Andrzej Wajda, conteur inlassable de l'histoire polonaise

Légende du cinéma mondial, le Polonais Andrzej Wajda, mort dimanche à 90 ans, a été pendant toute sa vie le chantre de la difficile histoire polonaise à laquelle il a su donner une dimension universelle, récompensée par un Oscar en 2000 pour l’ensemble de son oeuvre. Né le 6 mars 1926 à Suwalki (nord-est), Andrzej Wajda veut suivre l’exemple de son père, militaire de carrière, et tente, sans succès, d’entrer en 1939 dans une école militaire, à la veille de la Seconde guerre mondiale. Pendant l’occupation nazie, il commence à suivre des cours de peinture qu’il prolongera après la guerre à l’Académie des Beaux-Arts de Cracovie (sud), avant d’entrer dans la célèbre école de cinéma à Lodz (centre).

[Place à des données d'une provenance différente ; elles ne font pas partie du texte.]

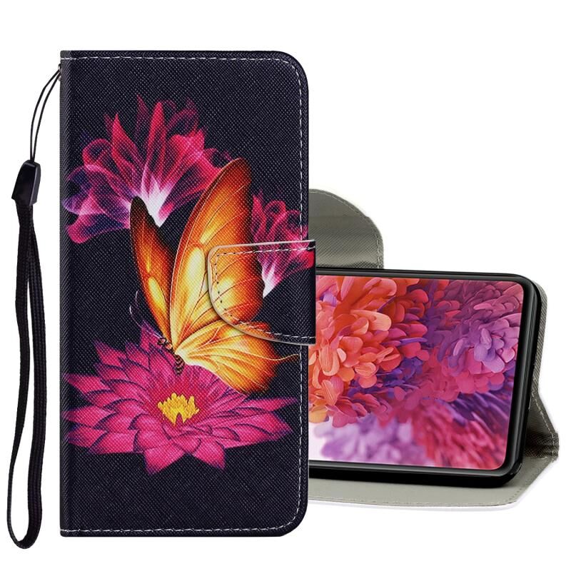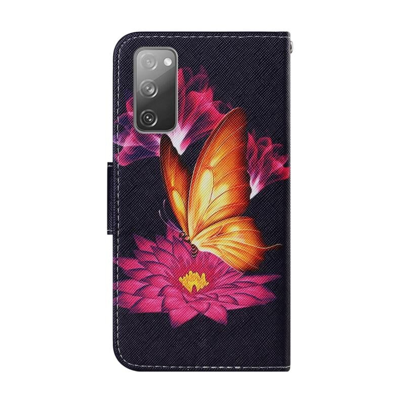 Θήκη Samsung Galaxy S20 FE 5G / S20 Lite με σχέδιο πολύχρωμης ζωγραφικής, οριζόντια, από δερματίνη PU με βάση για στήριξη & θήκες για κάρτες & πορτοφόλι & κορδόνι (Μεγάλη Χρυσή Πεταλούδα)

Son premier long métrage « Génération » (1955), un récit portant sur le sort de jeunes des faubourgs de Varsovie pendant l’occupation, a donné naissance à la célèbre « Ecole polonaise de cinéma », courant où l’on entreprenait un débat sur l’héroïsme et le romantisme polonais. En 1957, Andrzej Wajda obtient à Cannes le Prix spécial du Jury pour son chef d’oeuvre sur l’insurrection de Varsovie en 1944, « Kanal » (Ils aimaient la vie). « Ce fut le début de tout », avoua-t-il à l’AFP 50 ans plus tard. A partir des années 70, l’oeuvre d’Andrzej Wajda s’inspire du patrimoine littéraire polonais: « Le bois de bouleaux » (1970), « Les Noces », (1972), « La Terre de la grande promesse » (1974).

En 1977, il présente au Festival de Cannes « L’Homme de marbre », critique de la Pologne communiste, à qui il donne une suite trois ans plus tard dans « L’Homme de fer ». Le film, racontant pratiquement en temps réel l’épopée de Solidarité, premier syndicat libre du monde communiste, est récompensé par la Palme d’or à Cannes. Andrzej Wajda a offert sa Palme d’or à un musée de Cracovie. Elle y est exposée à côté d’autres trophées comme l’Oscar qui lui a été décerné en 2000 pour l’ensemble de son oeuvre.

Ses prises de position hostiles au régime de Jaruzelski l’incitent à réaliser des films à l’étranger. Il tourne alors « Danton » (1983) avec Gérard Depardieu, « Un amour en Allemagne » (1986), ou « Les Possédés » (1988) d’après Dostoïevski. Après la chute du communisme en 1989, Andrzej Wajda revient à l’histoire avec notamment « Korczak » (1990), « l’Anneau de crin » (1993) ou « la Semaine Sainte » (1995). Il adapte toujours au cinéma les grands oeuvres de la littérature polonaise comme « Pan Tadeusz, quand Napoléon traversait le Niemen » (1999) et « La Vengeance » (2002). Dans « Katyn », nominé à l’Oscar en 2008, il raconte l’histoire tragique de son propre père, Jakub Wajda, qui fut l’un des 22.500 officiers polonais massacrés par les Soviétiques en 1940, notamment à Katyn.

Le film de Wajda consacré au leader du syndicat Solidarité Lech Walesa, intitulé « L’homme du peuple », est sorti en salles en 2013. Il a été présenté lors du festival de Venise en sélection hors compétition. Amoureux du théâtre, Andrzej Wajda a également mis en scène une quarantaine de pièces, dont plusieurs présentées à l’étranger. Grand passionné de la culture japonaise, le cinéaste a créé en 1994 à Cracovie un centre de civilisation japonaise, Manggha. En 2002, il avait lancé sa propre école de cinéma et d’écriture de scénarios. Son dernier film, « Powidoki » (Après-image, 2016), qui a eu sa première en septembre au Festival de Toronto et qui n’est pas encore sorti dans les salles, sera le candidat polonais à l’Oscar.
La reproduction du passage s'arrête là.